India ranks first among 22 countries with the highest incidence of TB, but the reliable information on the magnitude of MDR?TB in the country is still largely unavailable.¹² Studies detailing patterns of TB resistance in solid-organ transplant recipients have not been documented. In this study, we looked for the prevalence of TB and RR-TB in KTR patients along with frequency of specific mutations responsible for RR by the GeneXpert assay. We opine that the GeneXpert assay can be used to diagnose RR-TB in KTR patients. The proportion of successful results with the GeneXpert assay was 97.7%, which is higher than study by Agizew and colleagues, who reported a successful result of 92.8.%.¹³ In previously published studies, the most common error was the probe check control failure error. Improved technician skill for sample processing can overcome this error.¹⁴ Our study also shows that the GeneXpert assay provided successful results in extrapulmonary samples (such as stool, pleural/ascitic/pericardial/-cerebrospinal fluids, pus, bone marrow, fine needle aspiration cytology, urine, and tissue biopsy), although the GeneXpert assay was designed for pulmonary samples.

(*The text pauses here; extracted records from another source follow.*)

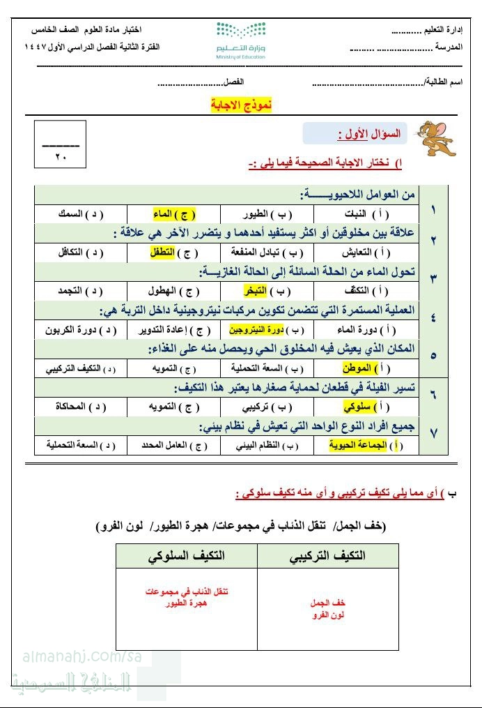معلومات الملف: نموذج الإجابة على أسئلة اختبار الفترة الثانية للفصل الأول من العام 1447ه‍ الذي قدمناه لكم في ملف سابق المقال نموذج اختبار الفترة الثانية للفصل الأول 1447ه‍ ، الأسئلة متنوعة وتقيس مهارة الطالب في : تعريف الموطن ، تغير حالات المادة ، التكيف ، التمييز بين التكيف التركيبي و التكيف السلوكي أسباب تغير الأنظمة البيئية ، دورة الماء
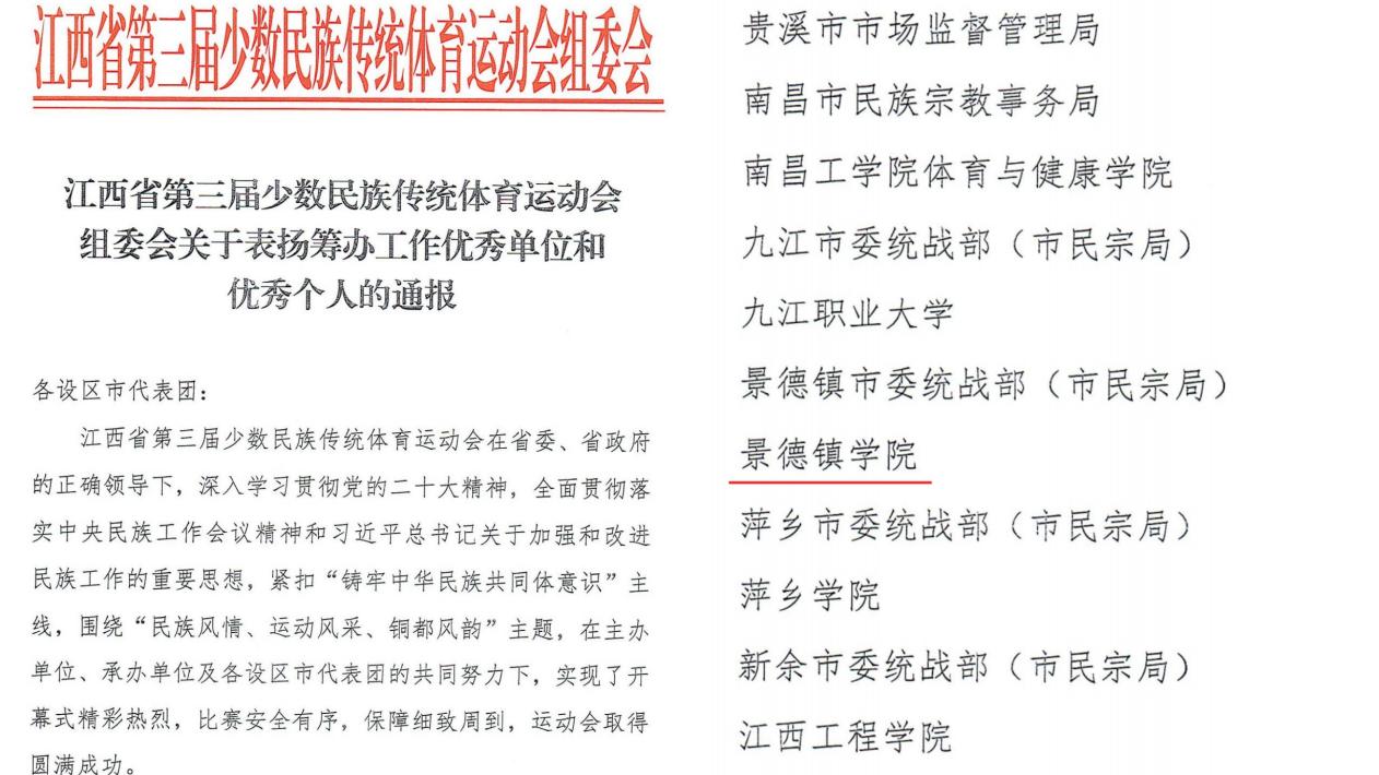 (本网讯:石峰)近日,江西省第三届少数民族传统体育运动会组委会通报了筹办优秀单位的名单,我校获得“江西省第三届少数民族传统体育运动会筹办优秀单位”。 获奖通报 石峰供图 此次运动会紧扣“...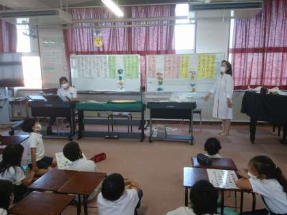 4年 食に関する指導(音楽) 公開日 2022/06/30 更新日 2022/06/30 その他 今日の食育の授業は音楽とのコラボです。 栄養3食について、赤黄緑それぞれの食品を選び、オリジナルの歌を作りました。 みんな楽しそうに歌い、自然に頭に入ったようでした。 いいね(0)

We detected MTB in 7.9% of patients in our study, which is lower than the estimated data from the World Health Organization on RR in MTB.⁷ The proportion of RR-TB detection in our study was 12 (6.3%). Due to the paucity of studies in KTR patients, we compared our data with RR-TB in the general population (Table 5). Compared with the study from Jaipur conducted by Verma and colleagues, the prevalence of RR-TB in our study was lower (7.9% vs 11.09%, respectively).¹⁵ A higher prevalence of RR-TB has been reported in other studies from India (Lucknow 27.8%,¹⁶ New Delhi 17.9%,¹⁷ Central India 17%¹⁸). Possible causative factors could be differences in geography/location, methods of diagnosis, and TB control practices. We reported 12 samples with RR (11 cases with rpoB gene mutations and 1 case with mutation combination, both for probe D and E, 8.33%). Prevalence of the combination mutation was less in our study compared with the study by Singhal and colleagues (6 strains [6/366] with more than 1 mutation).¹⁷ Mboowa and colleagues reported no sample with more than 1 probe failure (mutation combination).¹⁹ The location of the most common rpoB mutations reported by us was in the region of probe E with 8/12 (75.0%), followed by probe A with 2/12 (16.66%), and with absence of rpoB mutations in combination probe BC.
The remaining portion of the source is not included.